When you’re under stress, it’s important to give yourself time to recover. I’m learning you have to take vacations when they’re due. I’ve started taking mini-weekend vacations to Orlando as a way to step back, and allow myself time to disconnect. (Side note- I am a huge Harry Potter nerd who saved up for an annual pass to Universal!)

2. Early Migraine Symptom Identification at Work

Symptom identifying: For me, I can feel an “aura” before the onset of the migraine.

An aura can include visual disturbances such as blind spots, blurred vision and colored spots or sensations such as numbness, dizziness and pins and needles. When I’m hit with the aura, my goal is to always be prepared to manage the migraine.

Even if you don’t experience the aura, you should be prepared for a migraine in order to help reduce the symptoms. It can really help you keep control at work if you’re skilled at noticing the symptoms that warn a migraine’s on the way. Through the use of a migraine tracking app, these are often my symptoms both at work and at home prior to the aura: 

  • Stiff neck, usually left side
  • Constant yawning
  • Sensitivity to light and sound
  • Dizziness
  • Ringing in the ears
  • Irritability
  • Difficulty concentrating
  • Tingling and numbness; left hand and arm

3. Create a work migraine plan:

When you notice any of your migraine warning signs, it’s time to take immediate preventive action. Through planning, you may be able to avoid a full blown migraine at work.

– Water. Have water easily accessible. Staying hydrated is important to your total health. A good rule of thumb to stay hydrated is take your body weight and divide it in half to get the number of ounces you should consume each day.

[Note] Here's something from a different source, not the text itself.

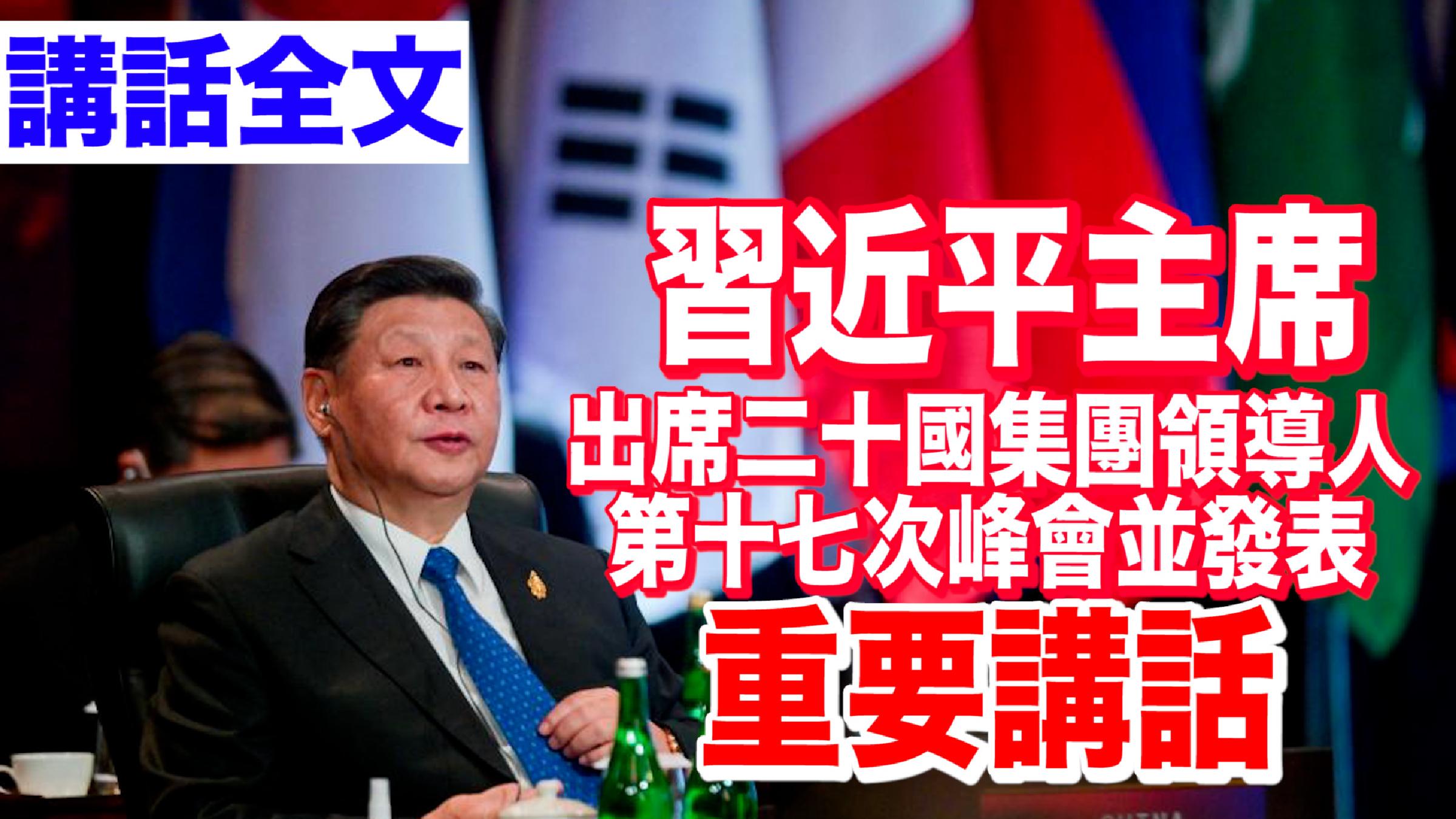 香港新聞網11月16日電 據央視新聞消息,當地時間11月16日下午,中國國家主席習近平即將出席二十國集團領導人第十七次峰會閉幕式。

– Get help from your coworkers/boss. Be willing to reach out to your employer for help during a migraine. When others understand the situation, they can help you. For me, my coworkers will help me triage and discharge patients for me.

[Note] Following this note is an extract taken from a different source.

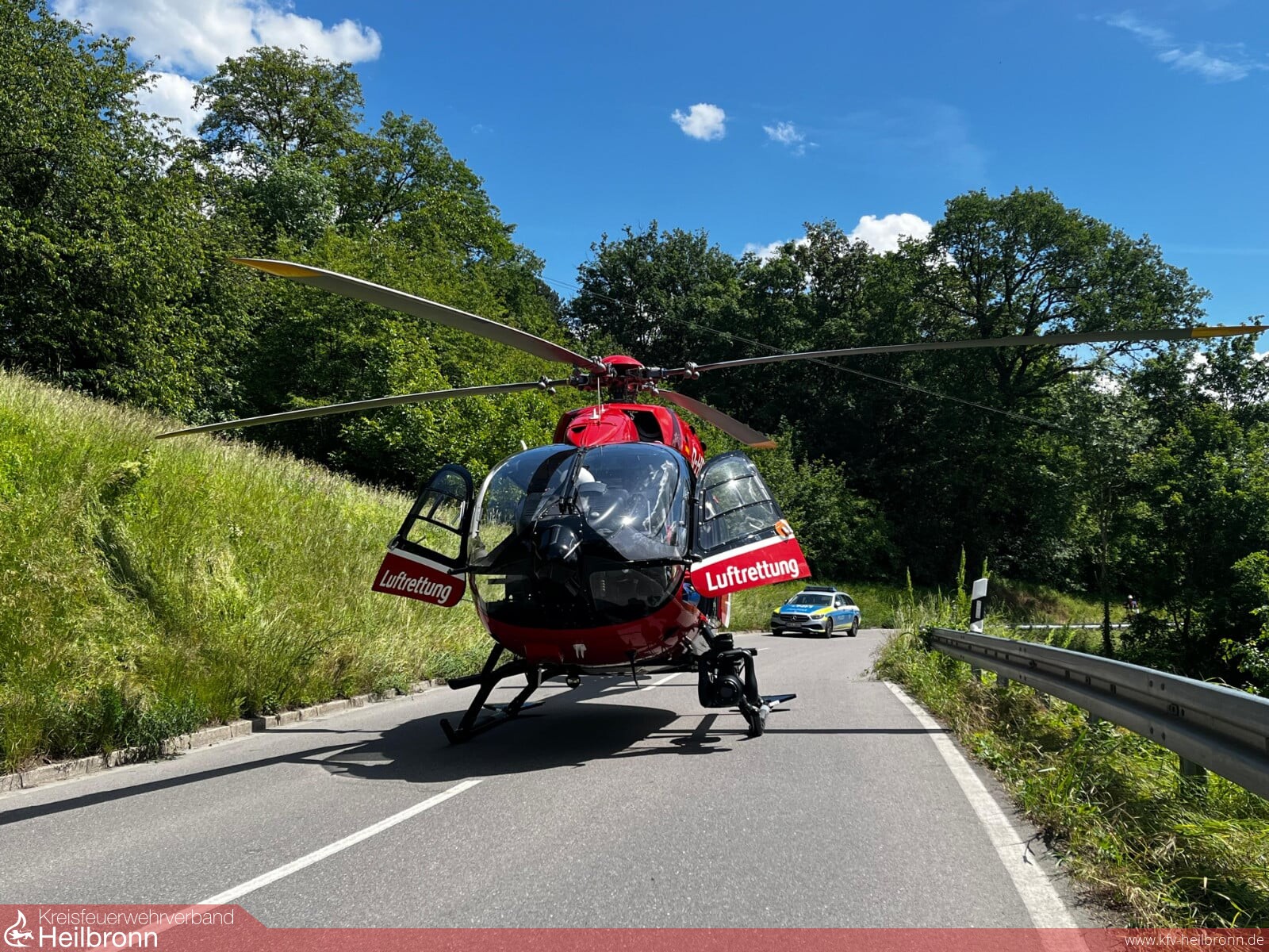 Die ersteintreffenden Kräfte der Freiwilligen Feuerwehr Neudenau leisteten Erste Hilfe und stellten den Brandschutz an der Unfallstelle sicher. Zudem wurden austretende Betriebsstoffe aufgenommen und die Unfallstelle abgesichert. Hierbei wurde auch ein Landeplatz für den Rettungshubschrauber abgesichert, der den verletzten Motorradfahrer ins Krankenhaus transportierte.

– Turn off the lights in your work space if able. Migraines often increase sensitivity to light and sound.


– Have medication at hand. Taking this at the earliest stage is key! I have a “migraine attack medicine bag” in my work bag, car, husband’s car, suitcase and purse just to cover myself.

– Sensory distractions. I like cool wet towels to soothe my head during an attack at work. I keep these in a zip lock baggie in our work freezer.

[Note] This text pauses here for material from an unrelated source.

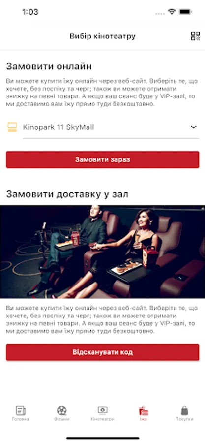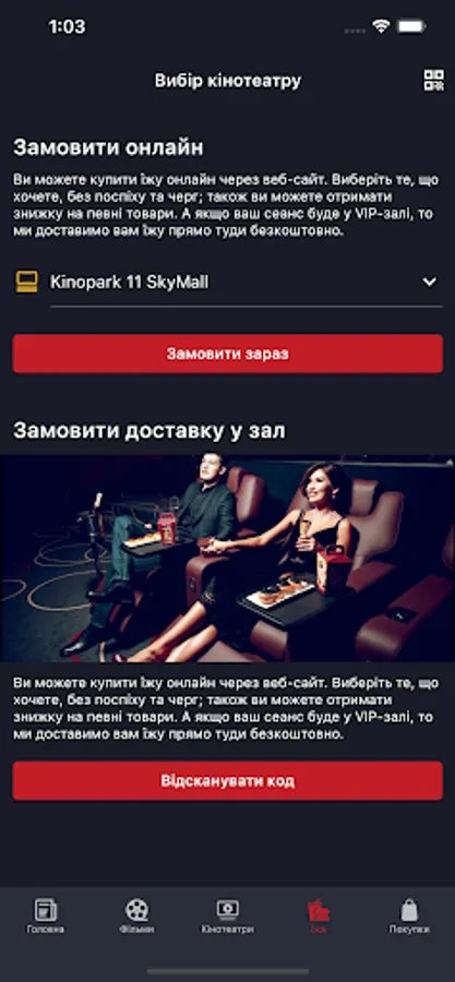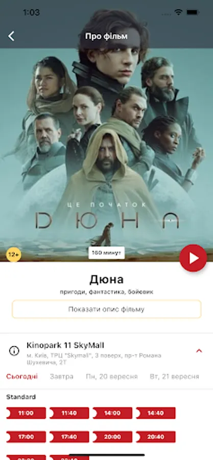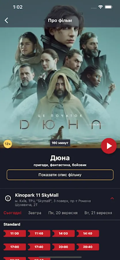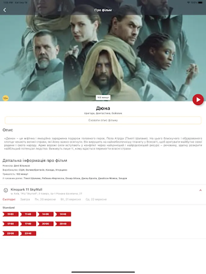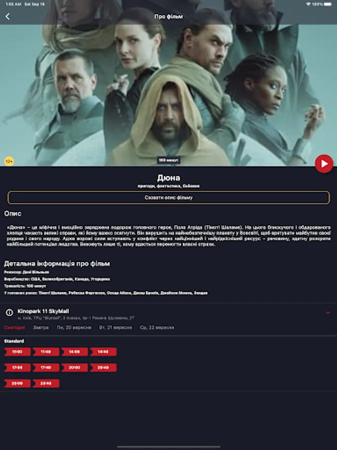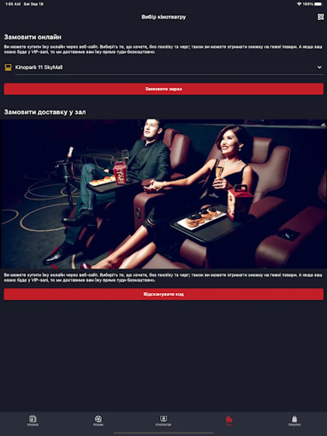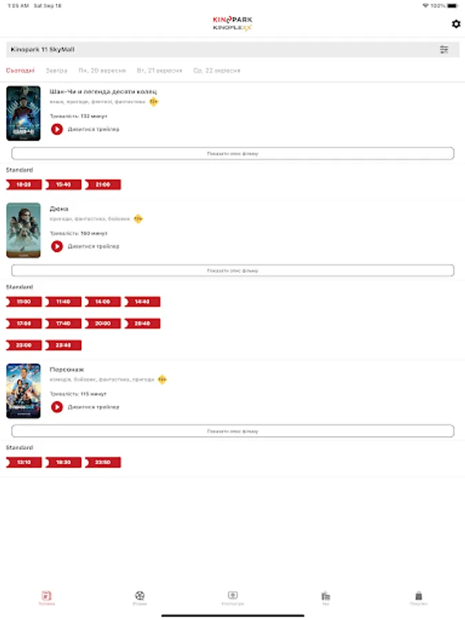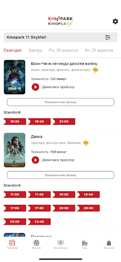 С помощью данного приложения можно узнать что идет в кинотеатрах сети Kinopark, просмотреть информацию о фильмах, выбрать удобный сеанс и купить билет.

– Drink a caffeinated beverage. In small amounts, caffeine alone can help relieve migraine in the early stages.

– Keep sunglasses in your work bag. I sometimes wear my sunglasses inside at work when I triage patients or work on the computer. Most of my patients and coworkers now know what sunglasses inside mean.

Screen Shot 2018-05-07 at 12.06.08 PM

– If possible, retreat to a quite space at work. For me, I go into an empty patient room for a few minutes of quiet space while I’m waiting for my attack medication to start working.

Use these steps the next time you feel a migraine coming on at work, and you may find success in managing the pain. Remember, you are not alone in your fight against migraine.

(Notes: Anti-Glare protector I purchased off of Amazon.com; I have one for my work desktop as well that pops on and off. I also purchased overhead light covers on Amazon.com as well.)